Source material:
<<<<

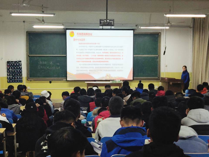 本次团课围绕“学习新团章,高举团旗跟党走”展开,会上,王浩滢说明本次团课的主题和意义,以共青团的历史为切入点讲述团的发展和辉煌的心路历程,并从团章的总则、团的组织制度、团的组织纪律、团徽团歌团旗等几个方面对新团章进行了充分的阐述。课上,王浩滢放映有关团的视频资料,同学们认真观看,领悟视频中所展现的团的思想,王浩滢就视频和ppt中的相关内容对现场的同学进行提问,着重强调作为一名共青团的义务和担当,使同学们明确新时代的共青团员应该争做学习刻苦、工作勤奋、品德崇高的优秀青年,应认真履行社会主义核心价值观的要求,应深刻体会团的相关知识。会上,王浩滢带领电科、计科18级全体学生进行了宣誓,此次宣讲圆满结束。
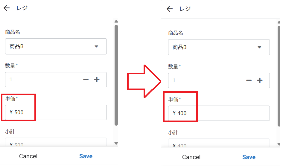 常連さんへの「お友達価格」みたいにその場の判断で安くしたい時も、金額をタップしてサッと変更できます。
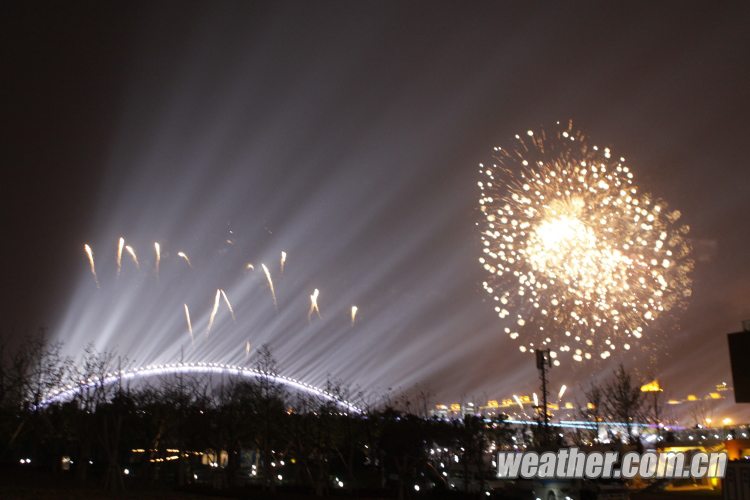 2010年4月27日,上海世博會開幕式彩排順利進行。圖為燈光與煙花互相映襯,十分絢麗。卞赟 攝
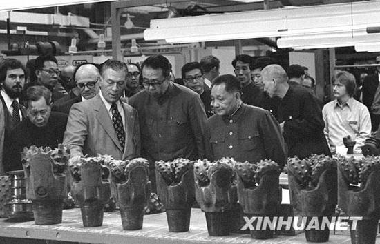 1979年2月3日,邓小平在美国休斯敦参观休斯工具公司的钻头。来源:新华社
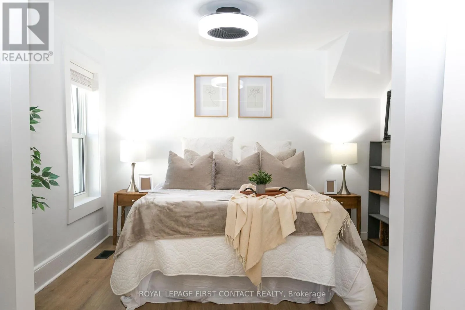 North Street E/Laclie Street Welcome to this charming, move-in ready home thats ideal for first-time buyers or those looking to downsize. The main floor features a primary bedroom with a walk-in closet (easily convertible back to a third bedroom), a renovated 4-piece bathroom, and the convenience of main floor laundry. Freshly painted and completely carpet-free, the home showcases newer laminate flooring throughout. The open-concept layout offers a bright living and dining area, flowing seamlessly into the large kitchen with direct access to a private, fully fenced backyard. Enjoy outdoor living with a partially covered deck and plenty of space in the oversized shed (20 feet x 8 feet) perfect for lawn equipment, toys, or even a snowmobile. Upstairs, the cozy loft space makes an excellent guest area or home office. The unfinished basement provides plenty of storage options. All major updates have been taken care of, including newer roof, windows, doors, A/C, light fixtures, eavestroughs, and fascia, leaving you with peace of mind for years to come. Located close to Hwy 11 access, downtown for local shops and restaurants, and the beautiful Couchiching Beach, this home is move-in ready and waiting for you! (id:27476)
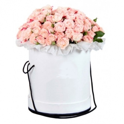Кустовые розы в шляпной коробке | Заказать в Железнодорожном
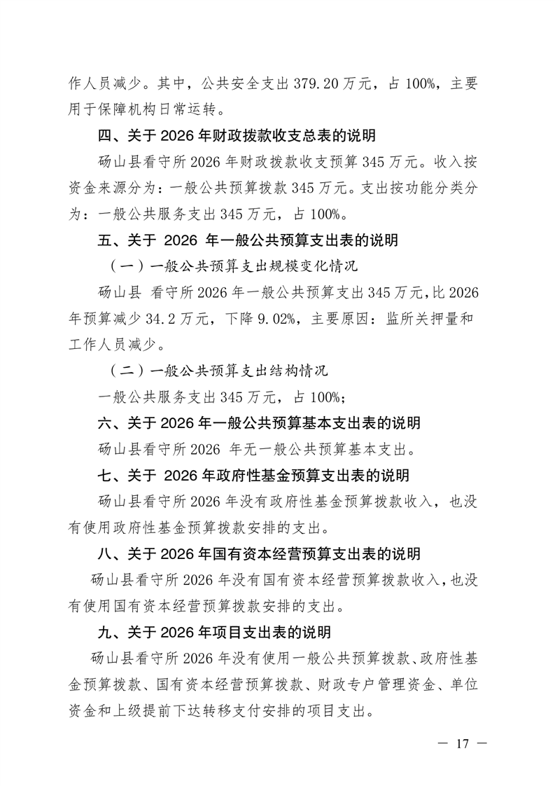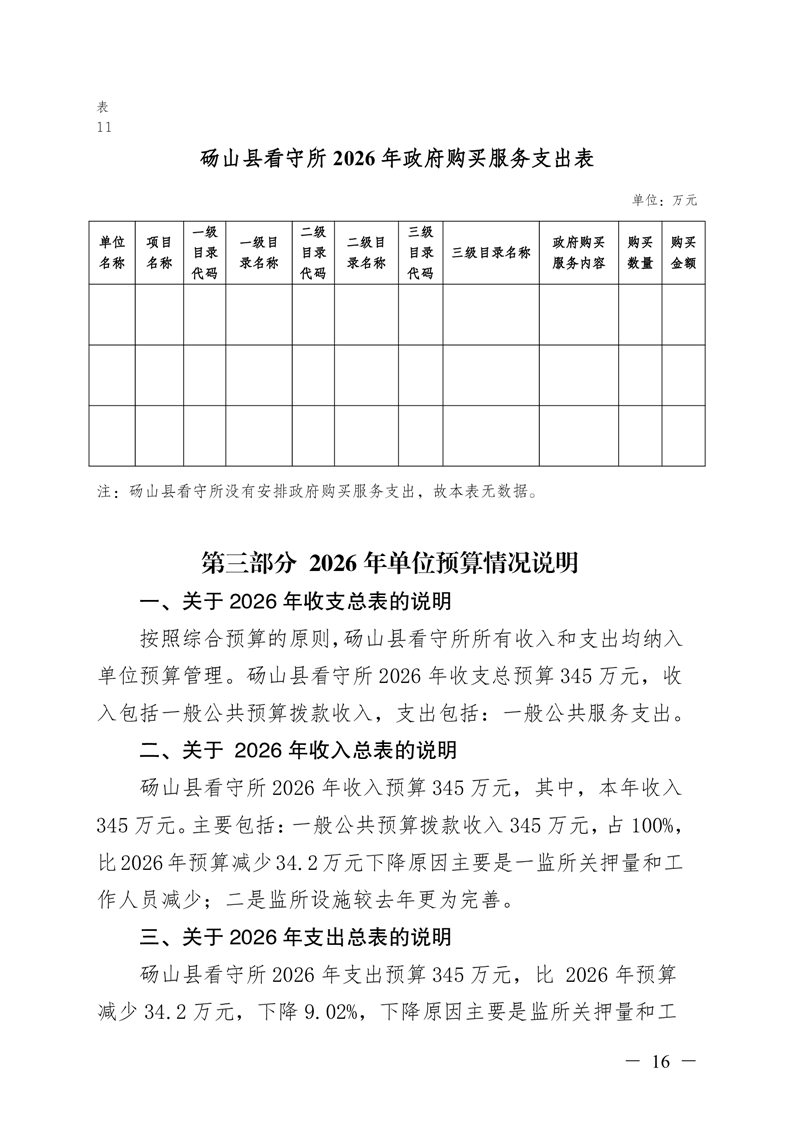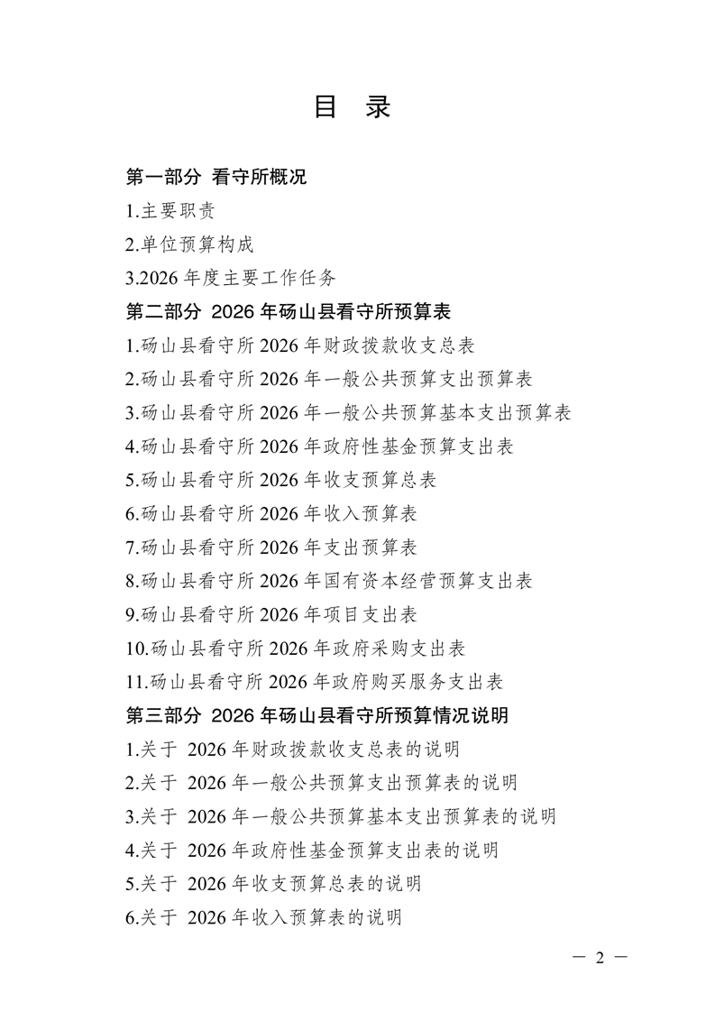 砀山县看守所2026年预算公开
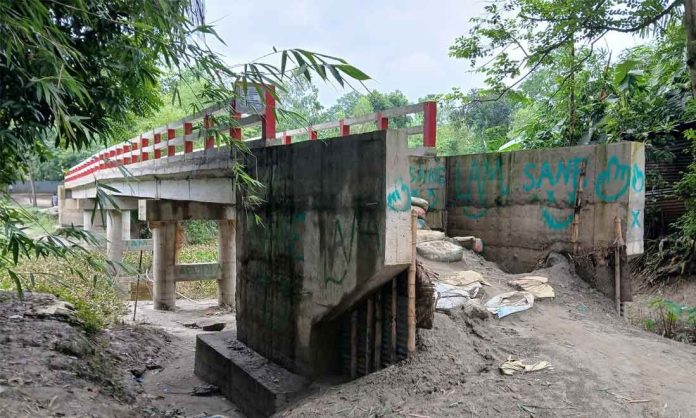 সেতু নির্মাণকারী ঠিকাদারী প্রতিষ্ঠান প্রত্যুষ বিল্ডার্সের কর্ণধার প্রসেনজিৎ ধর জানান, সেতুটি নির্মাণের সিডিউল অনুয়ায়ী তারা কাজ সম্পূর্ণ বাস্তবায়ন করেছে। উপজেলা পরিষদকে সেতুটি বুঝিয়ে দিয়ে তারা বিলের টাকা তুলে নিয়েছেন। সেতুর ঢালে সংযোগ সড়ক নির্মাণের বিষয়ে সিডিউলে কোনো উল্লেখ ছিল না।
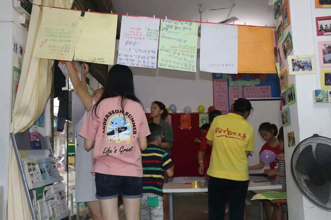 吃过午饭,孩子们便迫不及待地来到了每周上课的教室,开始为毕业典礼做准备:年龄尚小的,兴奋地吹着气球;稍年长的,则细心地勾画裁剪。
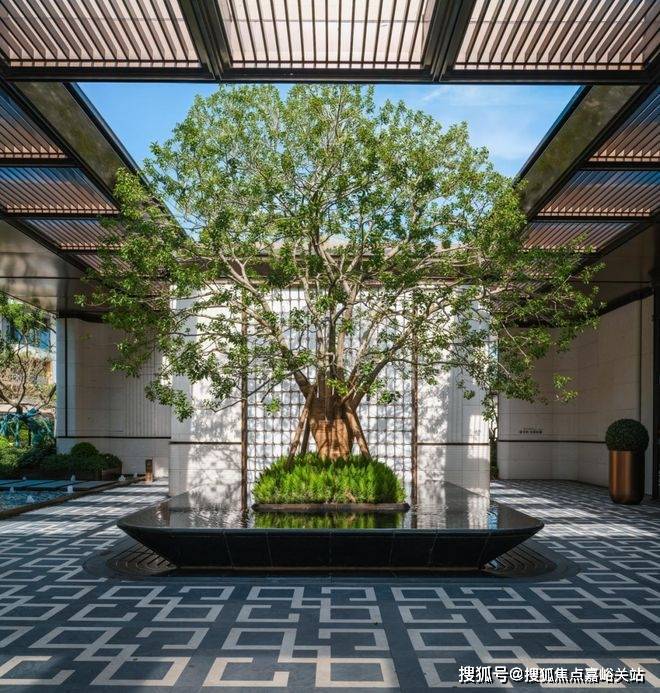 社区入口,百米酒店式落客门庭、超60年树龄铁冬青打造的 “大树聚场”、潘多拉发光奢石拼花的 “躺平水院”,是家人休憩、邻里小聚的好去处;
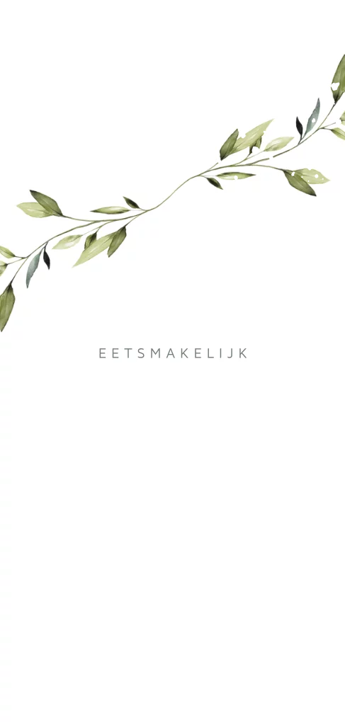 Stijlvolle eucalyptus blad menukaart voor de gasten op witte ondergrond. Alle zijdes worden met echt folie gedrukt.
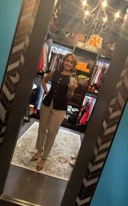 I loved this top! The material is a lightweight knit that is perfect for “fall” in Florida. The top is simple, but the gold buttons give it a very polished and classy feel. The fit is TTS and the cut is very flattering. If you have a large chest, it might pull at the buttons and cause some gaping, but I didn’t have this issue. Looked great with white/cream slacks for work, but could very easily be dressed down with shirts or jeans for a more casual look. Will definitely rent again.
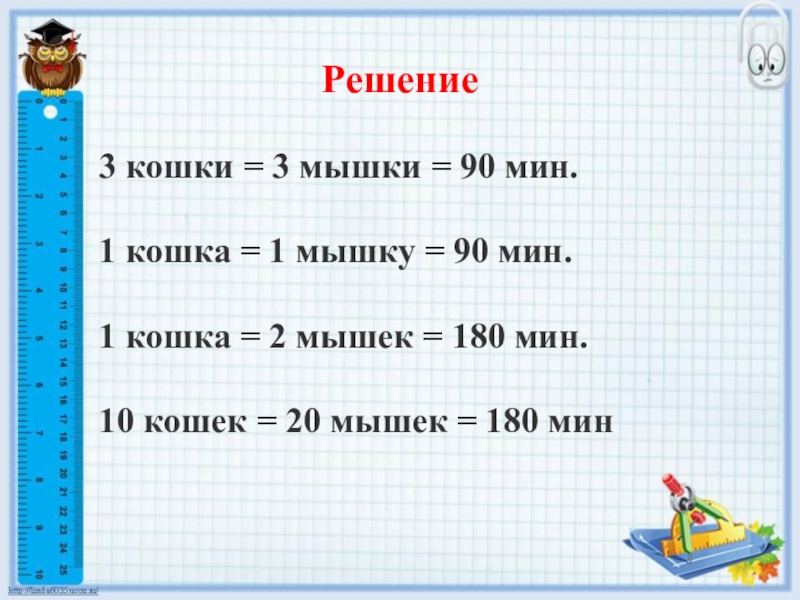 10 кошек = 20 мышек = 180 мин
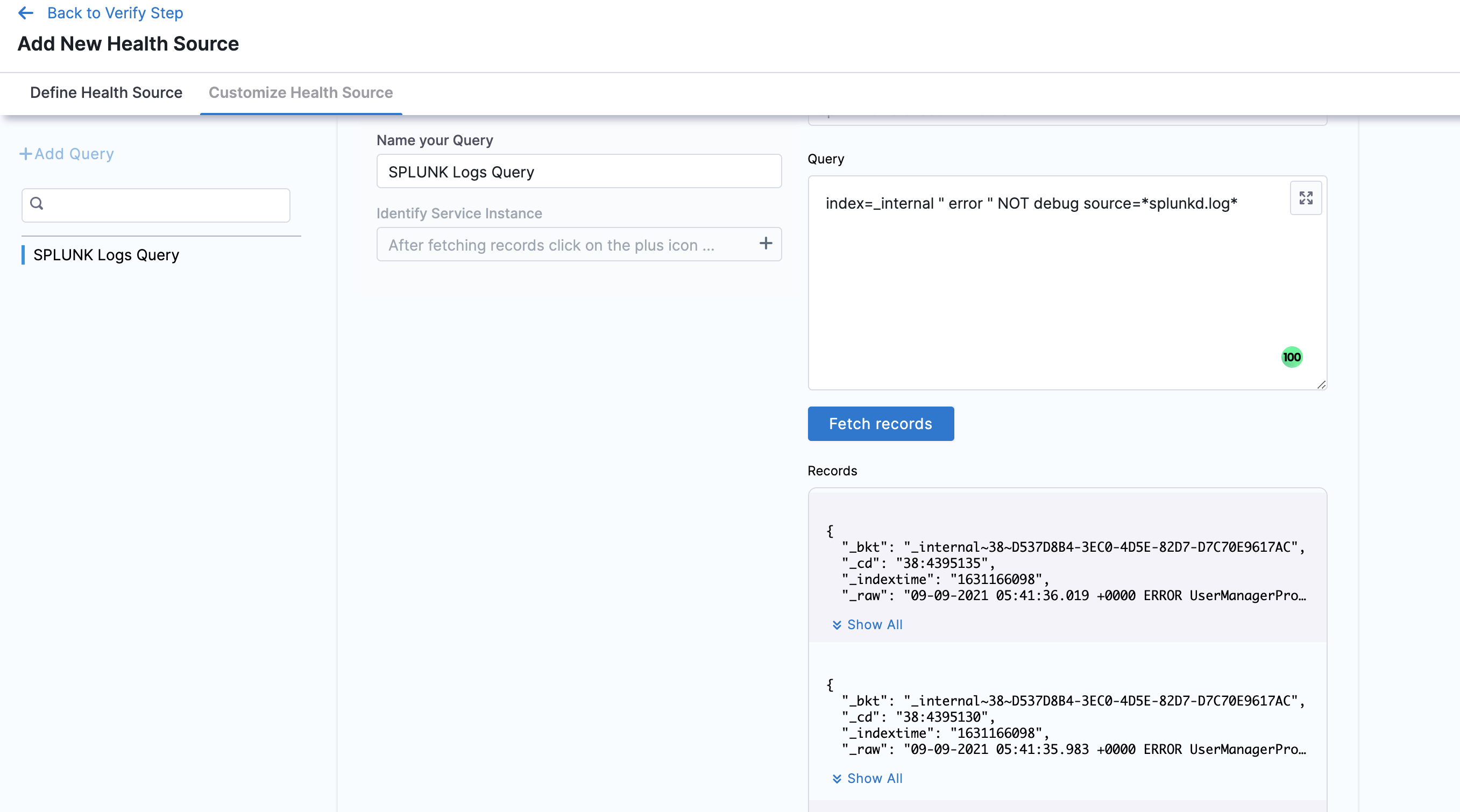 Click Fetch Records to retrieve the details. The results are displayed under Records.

>>>>

Task details:
The answer must consist solely of the lines from the one with "Stijlvolle eucalyptus blad" through the final line of the data, each reproduced exactly and with pictures omitted.

Solved problem:
 Stijlvolle eucalyptus blad menukaart voor de gasten op witte ondergrond. Alle zijdes worden met echt folie gedrukt.
 I loved this top! The material is a lightweight knit that is perfect for “fall” in Florida. The top is simple, but the gold buttons give it a very polished and classy feel. The fit is TTS and the cut is very flattering. If you have a large chest, it might pull at the buttons and cause some gaping, but I didn’t have this issue. Looked great with white/cream slacks for work, but could very easily be dressed down with shirts or jeans for a more casual look. Will definitely rent again.
 10 кошек = 20 мышек = 180 мин
 Click Fetch Records to retrieve the details. The results are displayed under Records.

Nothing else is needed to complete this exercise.